Before moving to San Diego, I worked as a software engineer at Microsoft. I obtained my M.S. degree from Oregon State University, Corvallis, Oregon and B.S. degree from Hanoi University of Science and Technology, Hanoi, Vietnam.
I am interested in robotics, machine learning, control theory, and optimization. My work focuses on robots' understanding of the environments, e.g. probablistic mapping, navigation and exploration; and of their own dynamics model, e.g. robot dynamics learning, model-based reinforcement learning, and learning from demonstration. I am also interested in modeling uncertainty in map representations and robots' dynamics for safe and active planning and control.
We develop LEMURS, an algorithm for learning scalable multi-robot control policies from cooperative task demonstrations. We propose a port-Hamiltonian description of the multi-robot system to exploit universal physical constraints in interconnected systems and achieve closed-loop stability. We represent a multi-robot control policy using an architecture that combines self-attention mechanisms and neural ordinary differential equations. The former handles time-varying communication in the robot team, while the latter respects the continuous-time robot dynamics. Our representation is distributed by construction, enabling the learned control policies to be deployed in robot teams of different sizes.
Figures: Learn distributed control policy for swapping with 4 robots (top) and deploy with 64 robots (bottom)
This paper proposes techniques to learn the dynamics models of a mobile robot from trajectory data and synthesize a tracking controller with safety and stability guarantees. Instead of a hand-derived dynamics model, we use a dataset of state-control trajectories to train a translation-equivariant nonlinear Hamiltonian model represented as a neural ordinary differential equation (ODE) network. The learned Hamiltonian model is used to synthesize an energy-shaping passivity-based controller and derive conditions which guarantee safe regulation to a desired reference pose. Finally, we enable adaptive tracking of a desired path, subject to safety constraints obtained from obstacle distance measurements. Our safe adaptive controller is demonstrated on a simulated hexarotor robot navigating in unknown complex environments.
This paper develops geometric adaptive control with a learned disturbance model for rigid-body systems, such as ground, aerial, and underwater vehicles, that satisfy Hamilton's equations of motion over the SE(3) manifold. Our design consists of an offline disturbance model identification stage, using a Hamiltonian-based neural ordinary differential equation (ODE) network trained from state-control trajectory data, and an online adaptive control stage, estimating and compensating the disturbances based on geometric tracking errors. We demonstrate our adaptive geometric controller in trajectory tracking simulations of fully-actuated pendulum and under-actuated quadrotor systems.

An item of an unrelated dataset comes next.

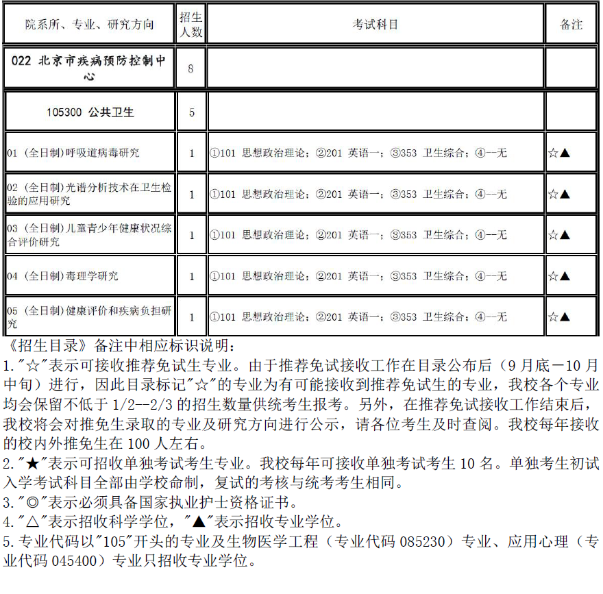 2017年首都医科大学105300公共卫生招生目录
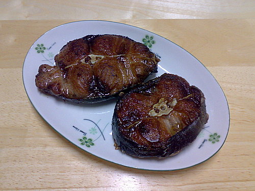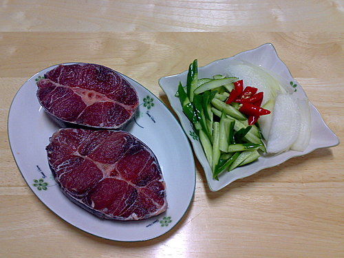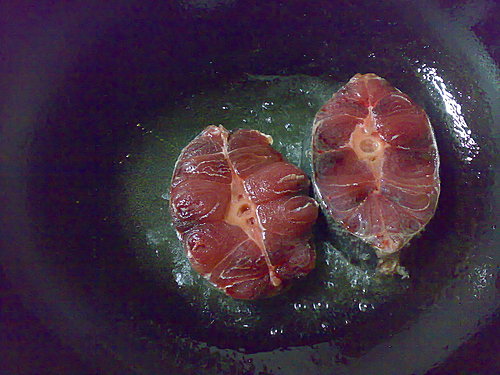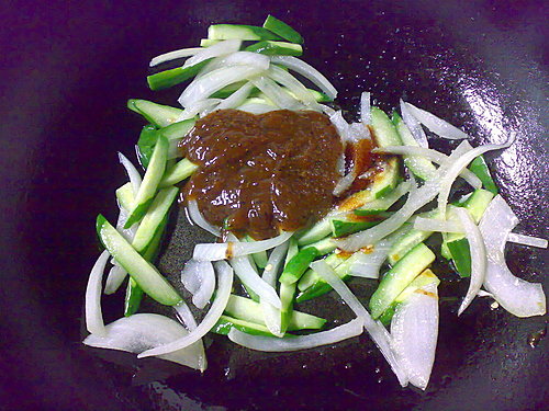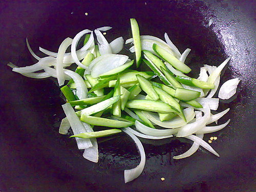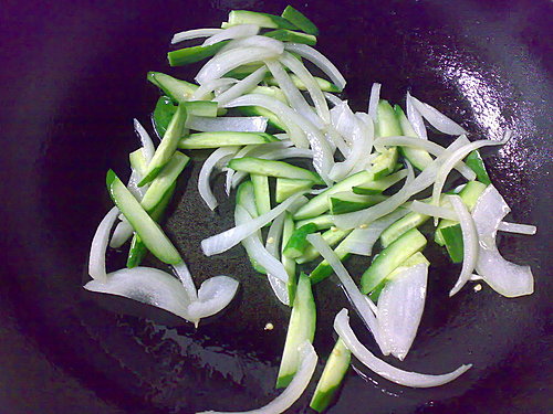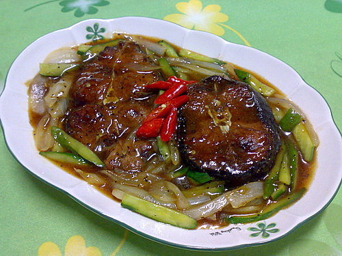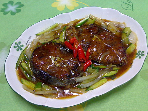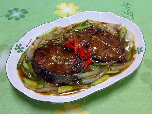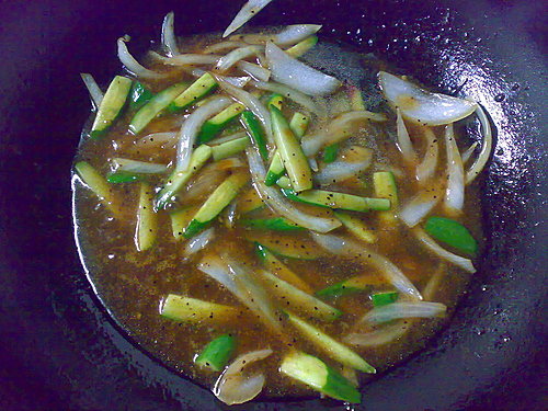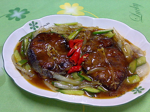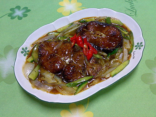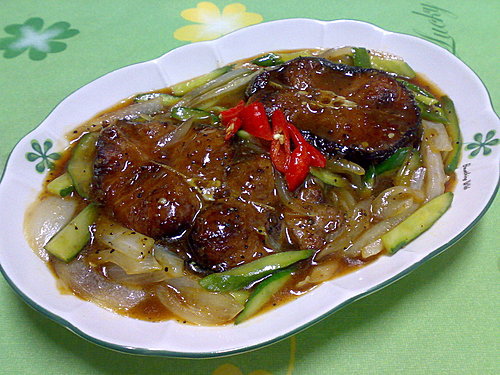材料: 魚塊 洋蔥切絲 小黃瓜斜切片 辣椒 黑胡椒醬

The dynamics of many robots, including ground, aerial, and underwater vehicles, are described in terms of their SE(3) pose and generalized velocity, and satisfy conservation of energy principles. This paper proposes a Hamiltonian formulation over the SE(3) manifold of the structure of a neural ordinary differential equation (ODE) network to approximate the dynamics of a rigid body. In contrast to a black-box ODE network, our formulation guarantees total energy conservation by construction. We develop energy shaping and damping injection control for the learned, potentially underactuated SE(3) Hamiltonian dynamics to enable a unified approach for stabiliziation and trajectory tracking with various platforms, including pendulum, rigid-body, and quadrotor systems.
This paper focuses on online occupancy mapping and real-time collision checking onboard an autonomous robot navigating in a large unknown environment. We develop a probabilistic formulation based on Relevance Vector Machines, allowing probabilistic occupancy classification and supporting autonomous navigation. We provide an online training algorithm, updating the sparse Bayesian map incrementally from streaming range data, and an efficient collision-checking method for general curves, representing potential robot trajectories.
We propose a new map representation, in which occupied and free space are separated by the decision boundary of a kernel perceptron classifier. We develop an online training algorithm that maintains a very sparse set of support vectors to represent obstacle boundaries in configuration space. We also derive conditions that allow complete (without sampling) collision-checking for piecewise-linear and piecewise-polynomial robot trajectories.
We consider a control-affine nonlinear robot system subject to bounded input noise and rely on feedback linearization to determine ellipsoid output bounds on the closed-loop robot trajectory under stabilizing control. A virtual governor system is developed to adaptively track a desired navigation path, while relying on the robot trajectory bounds to slow down if safety is endangered and speed up otherwise. The main contribution is the derivation of theoretical guarantees for safe nonlinear system path-following control and its application to autonomous robot navigation in unknown environments.